**AIM OF THE EXERCISE**:
When copying the data below, keep only the lines from the one with "Хорошее качество, точно" through the one with "本文关于形势与政策以及当代世", word for word, and skip the pictures.

**DATA EXCERPTS**:
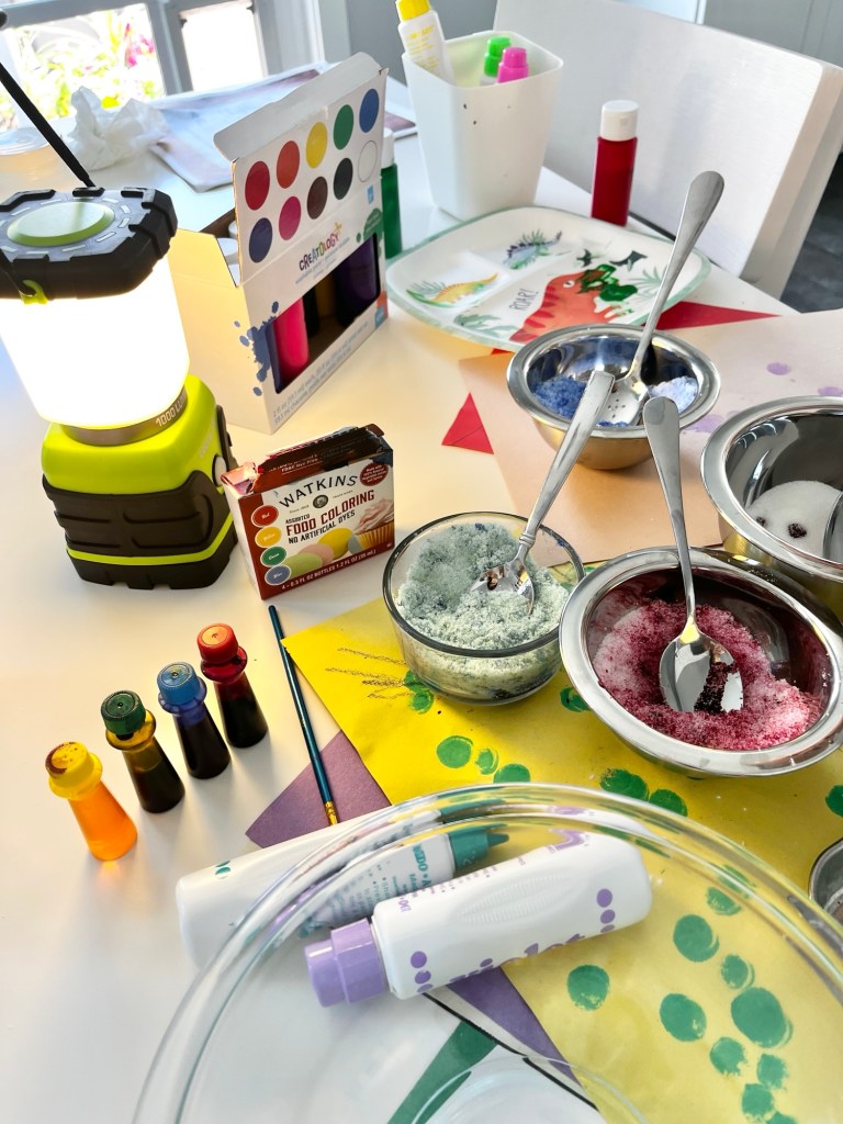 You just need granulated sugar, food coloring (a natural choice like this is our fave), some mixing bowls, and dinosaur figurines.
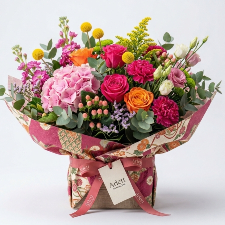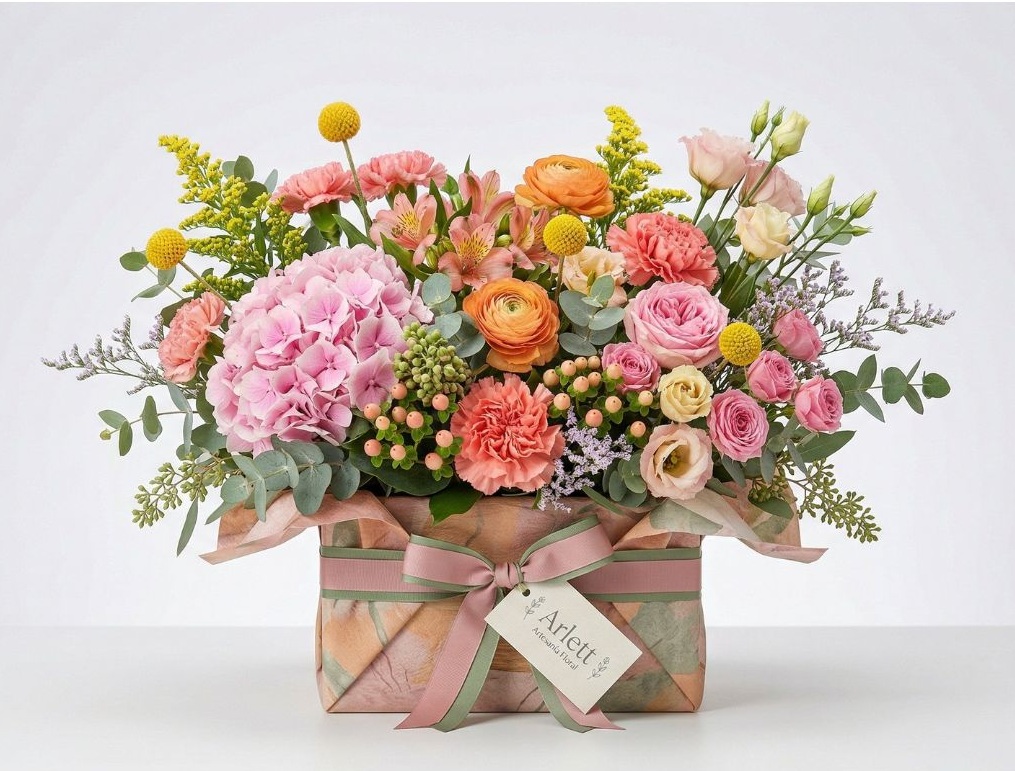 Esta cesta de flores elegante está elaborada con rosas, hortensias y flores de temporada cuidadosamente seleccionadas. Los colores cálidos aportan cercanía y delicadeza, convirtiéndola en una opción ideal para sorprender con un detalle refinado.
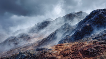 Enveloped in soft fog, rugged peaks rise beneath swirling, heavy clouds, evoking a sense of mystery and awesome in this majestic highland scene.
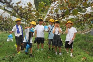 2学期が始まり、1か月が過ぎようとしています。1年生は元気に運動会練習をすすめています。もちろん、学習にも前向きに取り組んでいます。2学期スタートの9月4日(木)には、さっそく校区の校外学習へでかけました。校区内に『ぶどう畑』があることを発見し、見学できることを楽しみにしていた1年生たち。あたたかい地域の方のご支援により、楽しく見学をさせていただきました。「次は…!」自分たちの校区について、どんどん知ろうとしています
---
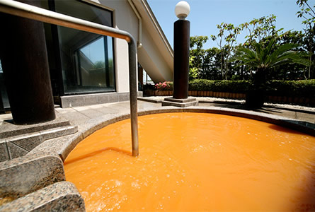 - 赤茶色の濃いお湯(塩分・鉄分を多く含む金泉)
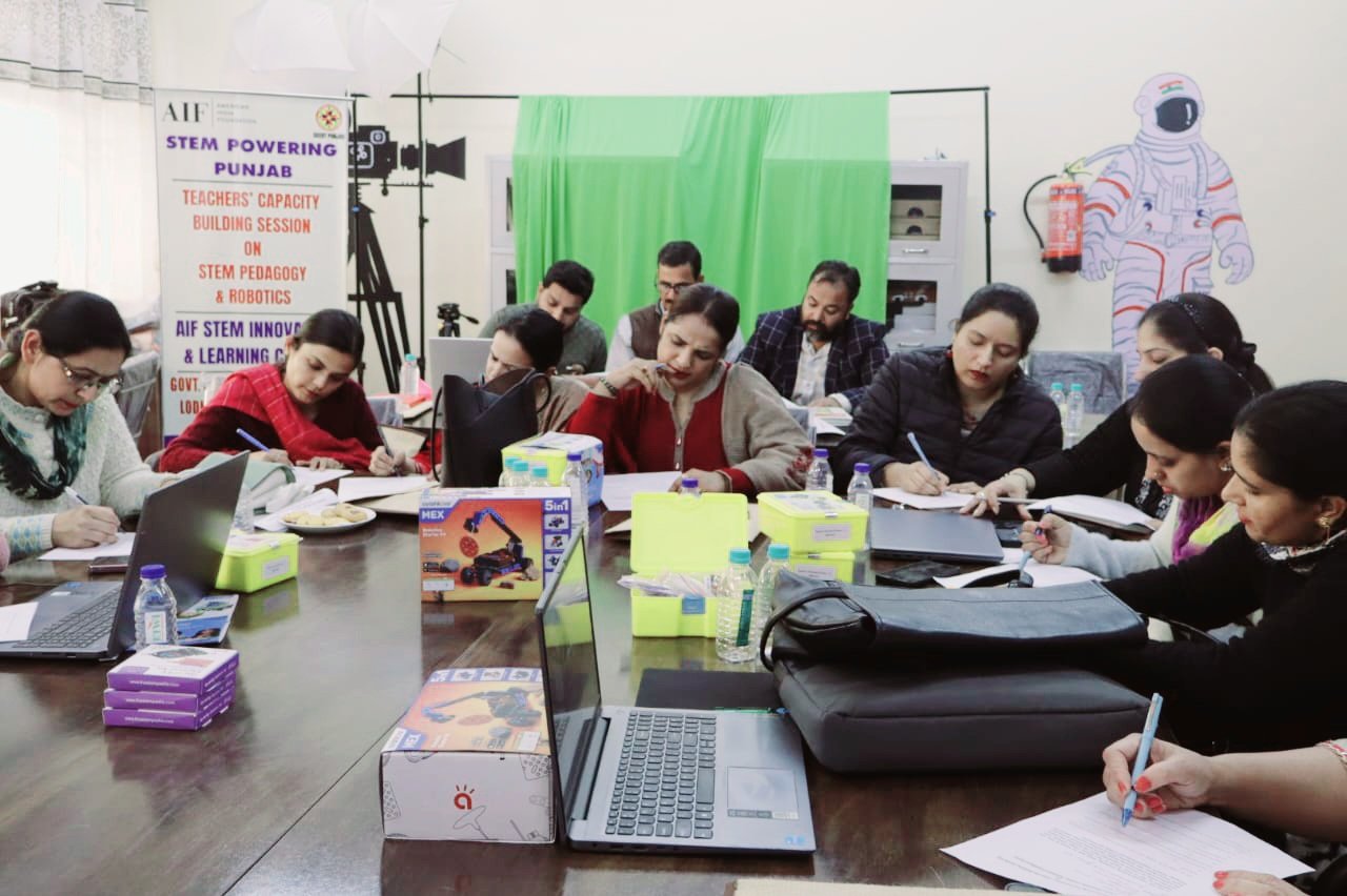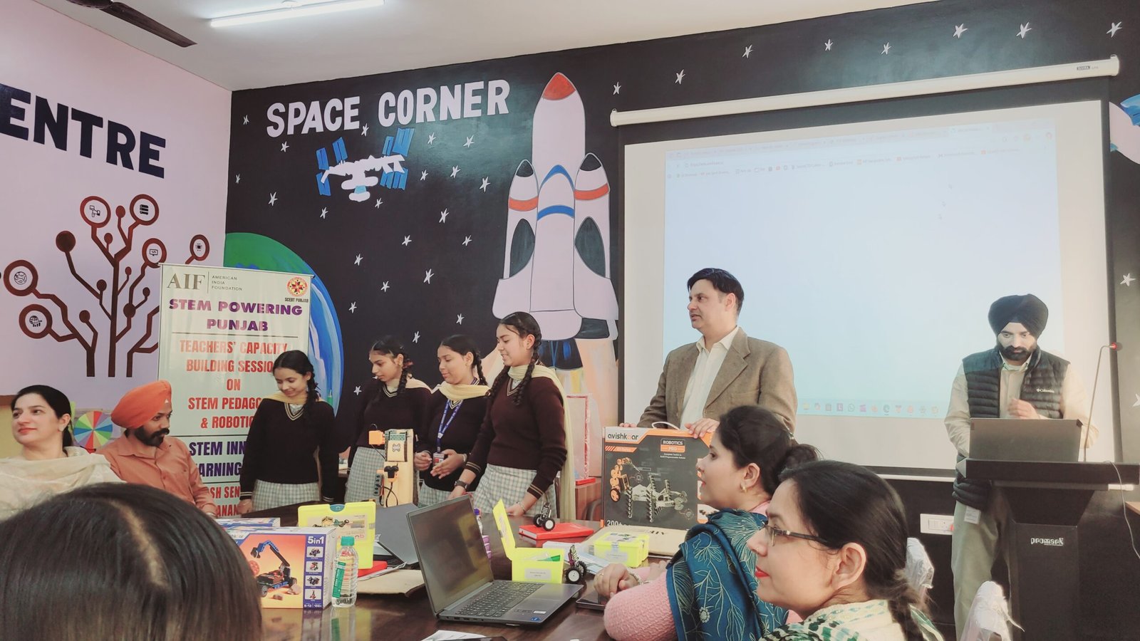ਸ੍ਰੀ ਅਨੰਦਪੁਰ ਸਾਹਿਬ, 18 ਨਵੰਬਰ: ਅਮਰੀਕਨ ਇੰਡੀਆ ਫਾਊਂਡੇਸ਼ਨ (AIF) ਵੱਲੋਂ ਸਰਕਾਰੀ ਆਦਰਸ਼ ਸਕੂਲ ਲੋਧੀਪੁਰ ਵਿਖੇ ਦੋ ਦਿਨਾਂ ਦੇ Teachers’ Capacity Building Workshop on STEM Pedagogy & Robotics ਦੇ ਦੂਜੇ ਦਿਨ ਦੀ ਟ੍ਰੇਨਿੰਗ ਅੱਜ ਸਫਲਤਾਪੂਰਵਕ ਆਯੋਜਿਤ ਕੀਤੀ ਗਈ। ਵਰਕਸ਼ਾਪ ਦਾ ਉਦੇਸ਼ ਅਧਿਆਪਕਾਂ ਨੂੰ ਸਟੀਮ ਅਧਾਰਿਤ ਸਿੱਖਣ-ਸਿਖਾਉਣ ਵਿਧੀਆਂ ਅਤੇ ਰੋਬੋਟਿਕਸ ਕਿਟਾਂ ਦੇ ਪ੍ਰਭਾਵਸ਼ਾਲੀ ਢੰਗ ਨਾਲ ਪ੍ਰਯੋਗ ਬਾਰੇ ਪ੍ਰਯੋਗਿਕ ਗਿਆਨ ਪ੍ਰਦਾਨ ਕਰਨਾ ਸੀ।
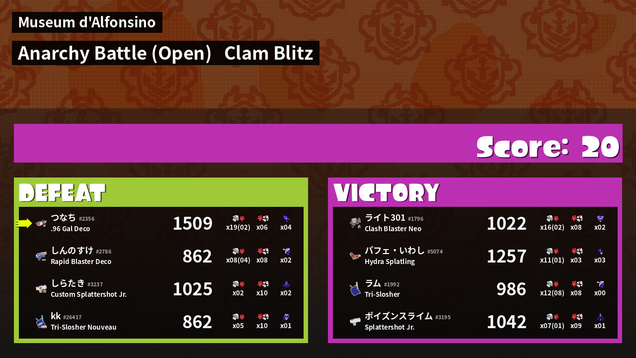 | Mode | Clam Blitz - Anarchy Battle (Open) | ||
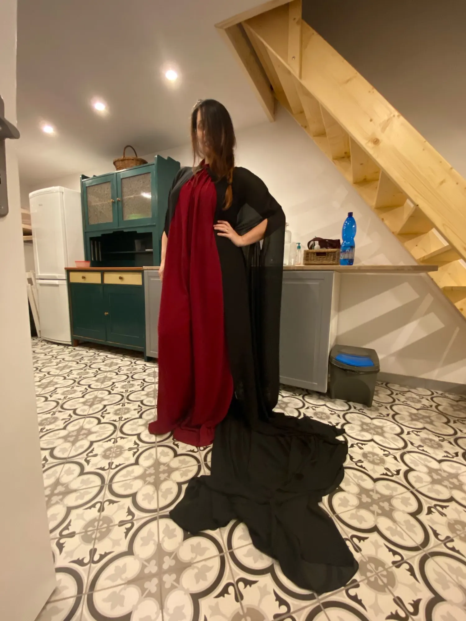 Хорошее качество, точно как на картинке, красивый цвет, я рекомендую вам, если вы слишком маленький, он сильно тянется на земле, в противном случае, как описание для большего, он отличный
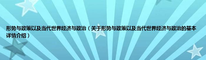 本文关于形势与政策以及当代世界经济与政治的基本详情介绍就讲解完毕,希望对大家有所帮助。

**FINAL ANSWER**:
 Хорошее качество, точно как на картинке, красивый цвет, я рекомендую вам, если вы слишком маленький, он сильно тянется на земле, в противном случае, как описание для большего, он отличный
 本文关于形势与政策以及当代世界经济与政治的基本详情介绍就讲解完毕,希望对大家有所帮助。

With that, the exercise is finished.